The first thing that I would suggest is that you should work through some examples and see what happens. I'll help with some of the initial steps.

To think about what you're erasing, let $n$ be a number that has been erased. Then, for each pair of factors $ab$ so that $ab=n$, compute $a+b=m$. Next, you find all other ways to write $m$ as a sum $m=c+d$ and then delete each $cd$ found in this way. Then, you continue until there isn't anything more to delete (or you see the pattern).

In your set-up, you start with $3$ and $5$ deleted.

Deleted: $3$ and $5$.

  • Using the deleted $3$, you know that $3$ factors as $3=1\cdot 3$. Therefore, $a+b=1+3=4$. The only sums equal to $4$ are $1+3$ and $2+2$. Taking $c=2$ and $d=2$ gives $cd=4$, so $4$ is deleted. Since we've considered all pairs of factors of $3$, there is nothing more that $3$ can tell us.

Deleted: $3$, $4$, and $5$.

  • Using the deleted $4$, you know that $4$ factors as $4=1\cdot 4$ or $2\cdot 2$. In the first case, $1+4=5$, and $5$ can be written as $5=1+4$ or $5=2+3$. The first case leads to $1\cdot 4=4$, which is already deleted, but $2\cdot 3=6$, which can now be deleted. On the other hand, using $2\cdot 2=4$, we have two ways to write $4$ as a sum, $4=1+3$ or $4=2+2$. In either case, the product is $1\cdot 3=3$ or $2\cdot 2=4$, both of which have already been deleted. Therefore, there is nothing more that $4$ can tell us.

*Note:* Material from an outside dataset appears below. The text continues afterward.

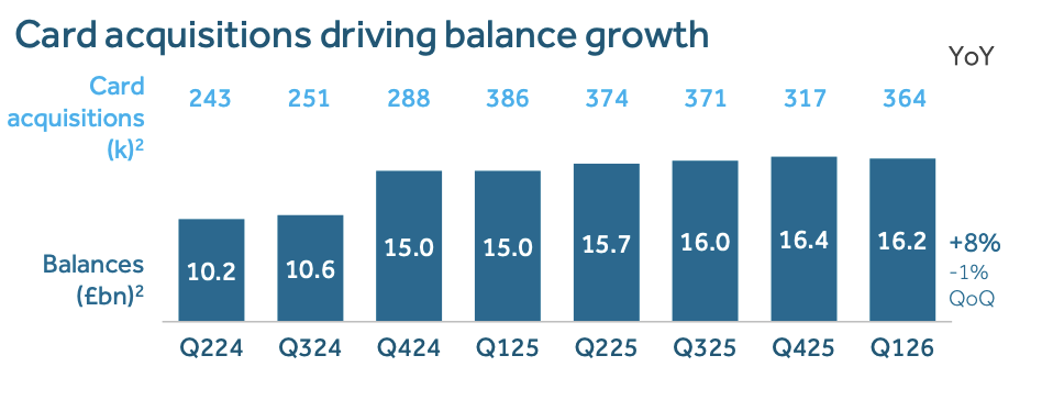 Bear in mind that credit card borrowing is currently growing at +12% in the UK, around 4x the rate of UK mortgage growth. Barclaycard UK, with £16bn of card balances, is the largest credit card company in the UK. Management seem to have taken a step back in Q1 with balances down -1%, perhaps taking their foot off the accelerator as they fear credit quality deterioration in the second half. Barclaycard reveals that in Q1 this year their 30 and 90 day arrears rates are beginning to rise to 0.9% (Q125: 0.7%) and 0.3% (Q125: 0.2%) from a low level.

Deleted: $3$, $4$, $5$, and $6$.

  • Using the deleted $5$, you know that $5$ factors as $1\cdot 5=5$. Therefore, the sum of these two is $1+5=6$. There are three ways to write $6$ as a sum, $1+5=6$, $2+4=6$, and $3+3=6$. The first pair has product $1\cdot 5=5$, which has already been deleted. The second pair has product $2\cdot 4=8$, which can now be deleted. The third pair has product $3\cdot 3=9$, which can also be deleted.

Deleted: $3$, $4$, $5$, $6$, $8$, and $9$.

  • Using the deleted $6$, you know that $6$ factors as $1\cdot 6=6$ and $2\cdot 3=6$. Therefore, the corresponding sums are $1+6=7$ or $2+3=5$. There are three sums to get $7$, $1+6=7$, $2+5=7$, and $3+4=7$. There are two sums to get $5$, $1+4=5$ and $2+3=5$. These, combined allow one to delete $6$, $10$, $12$, $4$, and 6$.

Deleted: $3$, $4$, $5$, $6$, $8$, $9$, $10$, and $12$.

Continue this until you find a pattern.